(Data items)
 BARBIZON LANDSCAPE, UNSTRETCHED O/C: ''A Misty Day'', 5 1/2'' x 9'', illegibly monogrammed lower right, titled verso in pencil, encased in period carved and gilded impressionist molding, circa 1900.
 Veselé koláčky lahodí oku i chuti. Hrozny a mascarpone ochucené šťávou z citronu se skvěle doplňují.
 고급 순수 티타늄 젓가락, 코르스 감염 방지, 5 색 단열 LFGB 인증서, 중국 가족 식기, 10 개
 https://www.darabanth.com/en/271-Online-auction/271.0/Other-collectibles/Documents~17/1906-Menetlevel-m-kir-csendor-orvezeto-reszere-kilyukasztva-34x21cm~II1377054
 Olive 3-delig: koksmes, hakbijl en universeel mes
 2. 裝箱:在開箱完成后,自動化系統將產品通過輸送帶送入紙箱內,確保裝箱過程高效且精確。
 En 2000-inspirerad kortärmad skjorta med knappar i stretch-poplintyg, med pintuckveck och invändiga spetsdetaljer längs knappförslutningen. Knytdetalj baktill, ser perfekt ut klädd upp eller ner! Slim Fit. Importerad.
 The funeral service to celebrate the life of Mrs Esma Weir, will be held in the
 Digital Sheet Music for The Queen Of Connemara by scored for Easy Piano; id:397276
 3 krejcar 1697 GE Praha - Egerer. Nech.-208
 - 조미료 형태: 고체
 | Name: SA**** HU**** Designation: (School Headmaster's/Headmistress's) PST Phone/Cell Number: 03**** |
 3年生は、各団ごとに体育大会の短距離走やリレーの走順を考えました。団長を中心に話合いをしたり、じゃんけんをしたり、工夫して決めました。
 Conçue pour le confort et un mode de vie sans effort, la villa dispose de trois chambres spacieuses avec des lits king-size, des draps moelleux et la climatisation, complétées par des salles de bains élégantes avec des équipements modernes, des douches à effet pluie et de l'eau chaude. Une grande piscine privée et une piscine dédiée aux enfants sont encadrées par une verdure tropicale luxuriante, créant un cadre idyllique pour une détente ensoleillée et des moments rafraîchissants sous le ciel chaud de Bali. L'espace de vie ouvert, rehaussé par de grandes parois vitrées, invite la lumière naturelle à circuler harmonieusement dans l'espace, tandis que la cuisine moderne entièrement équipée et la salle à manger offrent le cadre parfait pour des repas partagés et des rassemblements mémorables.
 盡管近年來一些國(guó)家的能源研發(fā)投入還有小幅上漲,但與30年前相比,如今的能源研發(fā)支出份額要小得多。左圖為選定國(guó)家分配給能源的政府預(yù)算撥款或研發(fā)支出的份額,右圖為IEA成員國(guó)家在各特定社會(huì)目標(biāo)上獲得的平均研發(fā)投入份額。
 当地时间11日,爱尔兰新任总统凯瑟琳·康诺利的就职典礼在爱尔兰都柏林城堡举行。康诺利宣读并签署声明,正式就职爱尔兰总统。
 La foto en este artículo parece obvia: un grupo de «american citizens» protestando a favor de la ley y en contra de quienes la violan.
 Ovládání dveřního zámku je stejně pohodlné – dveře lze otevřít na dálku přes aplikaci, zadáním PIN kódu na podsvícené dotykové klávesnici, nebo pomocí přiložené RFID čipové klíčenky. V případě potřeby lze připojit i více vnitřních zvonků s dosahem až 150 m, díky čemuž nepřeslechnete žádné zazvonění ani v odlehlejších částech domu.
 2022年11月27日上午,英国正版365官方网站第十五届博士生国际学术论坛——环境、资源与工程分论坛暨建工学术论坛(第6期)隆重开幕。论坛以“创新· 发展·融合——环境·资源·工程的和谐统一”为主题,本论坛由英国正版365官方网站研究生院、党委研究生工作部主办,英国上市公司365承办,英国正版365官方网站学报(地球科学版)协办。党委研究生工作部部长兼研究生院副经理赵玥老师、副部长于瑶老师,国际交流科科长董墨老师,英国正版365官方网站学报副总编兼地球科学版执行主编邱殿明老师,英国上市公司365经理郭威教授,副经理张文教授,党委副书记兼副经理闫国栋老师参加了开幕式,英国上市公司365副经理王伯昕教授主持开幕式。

The problem – Lines from the top of the data above through the line containing "En 2000-inspirerad kortärmad" must be repeated exactly. All other lines stay out.

Your solution –
 BARBIZON LANDSCAPE, UNSTRETCHED O/C: ''A Misty Day'', 5 1/2'' x 9'', illegibly monogrammed lower right, titled verso in pencil, encased in period carved and gilded impressionist molding, circa 1900.
 Veselé koláčky lahodí oku i chuti. Hrozny a mascarpone ochucené šťávou z citronu se skvěle doplňují.
 고급 순수 티타늄 젓가락, 코르스 감염 방지, 5 색 단열 LFGB 인증서, 중국 가족 식기, 10 개
 https://www.darabanth.com/en/271-Online-auction/271.0/Other-collectibles/Documents~17/1906-Menetlevel-m-kir-csendor-orvezeto-reszere-kilyukasztva-34x21cm~II1377054
 Olive 3-delig: koksmes, hakbijl en universeel mes
 2. 裝箱:在開箱完成后,自動化系統將產品通過輸送帶送入紙箱內,確保裝箱過程高效且精確。
 En 2000-inspirerad kortärmad skjorta med knappar i stretch-poplintyg, med pintuckveck och invändiga spetsdetaljer längs knappförslutningen. Knytdetalj baktill, ser perfekt ut klädd upp eller ner! Slim Fit. Importerad.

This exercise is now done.